14 From the ages of twelve to sixteen or thereabouts, the prisoner worked as a strapper for a horse trainer, Mr Slade at the Broadmeadow Racecourse. Mr Slade currently has only one horse in work with another, I gather, possibly joining it at the stables shortly. I accept that he will offer the prisoner some work. I consider that it is as important for the plaintiff to be occupied as to be employed if he is to have any chance of achieving his goals.
15 Effectively the prisoner has served over ten months in custody. I take into account that and the loss of a real chance that this matter might have been dealt with in the Local Court with a limitation upon possible custody to two years. Even the imposition of that maximum would ordinarily require the specification of a non parole period and an order for release to parole after eighteen months, thus the prisoner has already served ten of a possible eighteen months if the matter were to be viewed in that light.
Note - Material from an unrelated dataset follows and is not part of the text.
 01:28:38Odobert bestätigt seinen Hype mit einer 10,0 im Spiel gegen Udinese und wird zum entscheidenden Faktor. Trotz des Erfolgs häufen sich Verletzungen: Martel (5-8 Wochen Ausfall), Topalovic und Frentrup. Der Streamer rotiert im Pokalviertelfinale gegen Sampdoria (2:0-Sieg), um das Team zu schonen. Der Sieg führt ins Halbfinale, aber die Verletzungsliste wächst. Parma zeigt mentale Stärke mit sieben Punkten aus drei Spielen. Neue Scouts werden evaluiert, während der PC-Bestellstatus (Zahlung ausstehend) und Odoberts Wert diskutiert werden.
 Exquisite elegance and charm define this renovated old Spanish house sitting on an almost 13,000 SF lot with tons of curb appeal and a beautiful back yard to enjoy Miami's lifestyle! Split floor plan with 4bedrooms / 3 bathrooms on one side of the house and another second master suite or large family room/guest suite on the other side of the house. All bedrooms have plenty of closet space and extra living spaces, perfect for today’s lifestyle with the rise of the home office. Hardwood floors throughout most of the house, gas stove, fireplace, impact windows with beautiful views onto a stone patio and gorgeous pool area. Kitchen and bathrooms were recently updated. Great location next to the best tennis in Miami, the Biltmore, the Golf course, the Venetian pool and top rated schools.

I also take into account that the prisoner has had a charge of murder which would produce predictable apprehension, pending for over two years. Although that period might have been less if the prisoner had chosen to come forward earlier, I do not consider that what he has undergone should be ignored when, in the event, that most serious charge is not pursued.
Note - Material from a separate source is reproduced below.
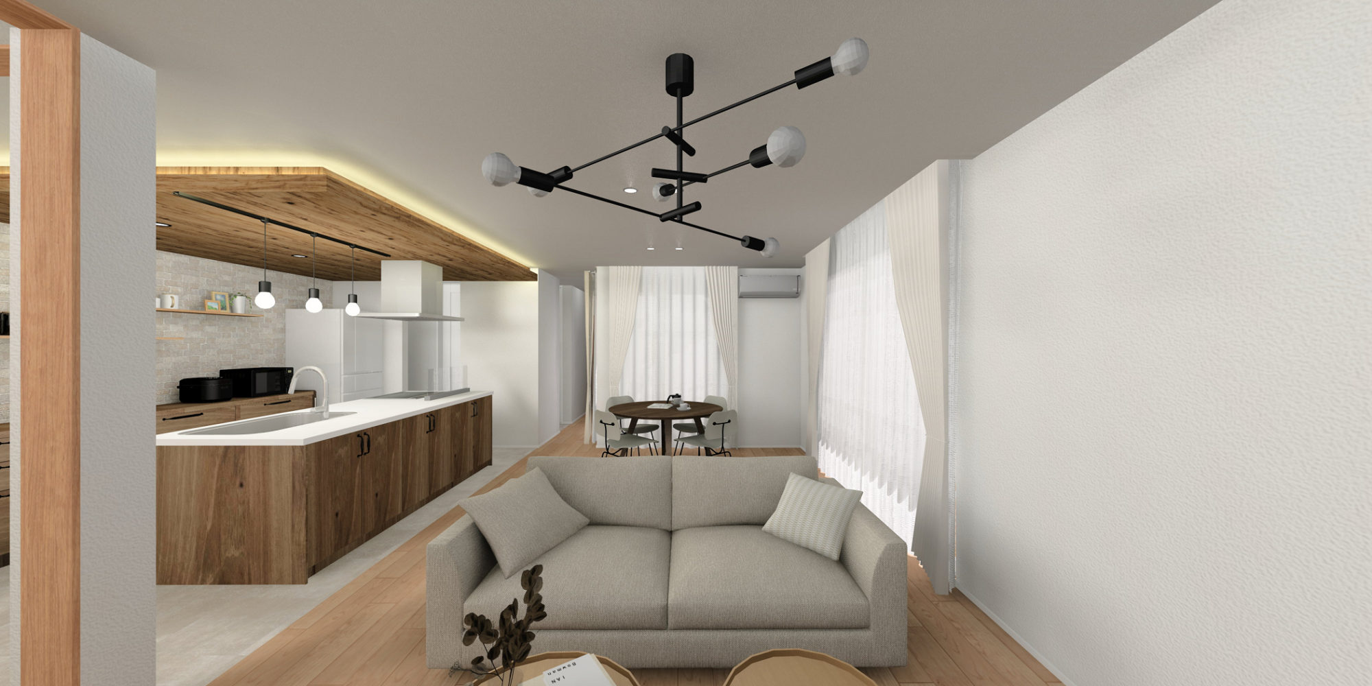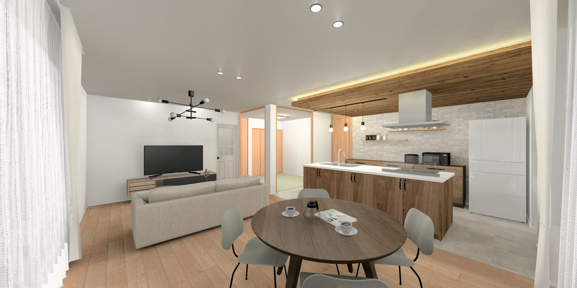 室内は、扉や下がり天井に木目を取り入れ、ナチュラルで柔らかな雰囲気にコーディネート。

16 I do not propose to return the prisoner to custody.
17 Counsel suggested that I should invoke the recently restored power to impose a suspended sentence. However s12 of the Crimes (Sentencing Procedure) Act 1999 provides that the period of suspension cannot exceed the term of sentence subject to an overall maximum period of two years. The necessary accompanying good behaviour bond must also not exceed the term of sentence. I consider that the community and the prisoner will acquire greater potential benefit if the prisoner is subject to a bond for a longer period than any sentence I would add to the ten months already served. I have considered the possible alternatives of community service and periodic detention but have decided that they are not appropriate for the present case.
18 Kevin Walter Towers, for the malicious wounding of Neville Stuart Edwards, in lieu of sentence of imprisonment I direct that you enter a good behaviour bond for a period of three years commencing today 18 May 2000 and expiring on 17 May 2003 upon the following conditions: that you will appear before the Court if called upon to do so at any time during that term; that you are of good behaviour and that you will inform the Deputy Registrar of the Supreme Court at Newcastle of any change in your residential address during the specified term.